(PROVIDED DATA begins)

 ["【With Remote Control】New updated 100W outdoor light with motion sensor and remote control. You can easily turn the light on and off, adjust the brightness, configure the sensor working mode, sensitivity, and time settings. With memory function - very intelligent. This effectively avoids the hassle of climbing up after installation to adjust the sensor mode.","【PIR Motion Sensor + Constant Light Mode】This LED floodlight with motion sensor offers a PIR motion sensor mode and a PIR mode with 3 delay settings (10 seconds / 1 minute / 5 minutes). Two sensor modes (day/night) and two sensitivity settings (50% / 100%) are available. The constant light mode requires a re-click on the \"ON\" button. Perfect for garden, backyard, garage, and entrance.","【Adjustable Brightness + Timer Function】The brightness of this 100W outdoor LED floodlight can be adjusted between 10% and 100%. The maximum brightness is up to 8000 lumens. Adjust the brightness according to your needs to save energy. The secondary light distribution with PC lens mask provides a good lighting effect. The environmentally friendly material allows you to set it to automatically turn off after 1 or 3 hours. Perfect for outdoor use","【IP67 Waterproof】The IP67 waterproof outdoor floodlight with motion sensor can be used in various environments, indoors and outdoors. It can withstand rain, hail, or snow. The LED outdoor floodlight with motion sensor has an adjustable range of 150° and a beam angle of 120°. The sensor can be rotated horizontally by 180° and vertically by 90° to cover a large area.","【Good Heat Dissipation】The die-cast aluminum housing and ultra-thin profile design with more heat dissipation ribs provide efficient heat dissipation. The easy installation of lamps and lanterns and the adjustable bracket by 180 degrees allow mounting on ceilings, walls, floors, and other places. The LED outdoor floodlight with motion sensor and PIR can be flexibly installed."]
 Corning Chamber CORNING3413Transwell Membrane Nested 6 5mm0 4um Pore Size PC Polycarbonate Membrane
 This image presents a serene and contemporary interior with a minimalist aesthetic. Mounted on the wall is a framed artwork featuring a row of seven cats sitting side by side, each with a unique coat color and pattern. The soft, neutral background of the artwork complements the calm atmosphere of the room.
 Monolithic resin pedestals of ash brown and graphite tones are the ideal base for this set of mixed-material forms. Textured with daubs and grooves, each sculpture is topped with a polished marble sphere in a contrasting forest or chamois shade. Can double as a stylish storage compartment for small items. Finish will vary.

(PROVIDED DATA ends)

▸ **EXERCISE DIRECTIONS**
Lines from the one with "This image presents" through the last line of the listing above: return these exactly, and nothing else.

▸ **REPLY**
 This image presents a serene and contemporary interior with a minimalist aesthetic. Mounted on the wall is a framed artwork featuring a row of seven cats sitting side by side, each with a unique coat color and pattern. The soft, neutral background of the artwork complements the calm atmosphere of the room.
 Monolithic resin pedestals of ash brown and graphite tones are the ideal base for this set of mixed-material forms. Textured with daubs and grooves, each sculpture is topped with a polished marble sphere in a contrasting forest or chamois shade. Can double as a stylish storage compartment for small items. Finish will vary.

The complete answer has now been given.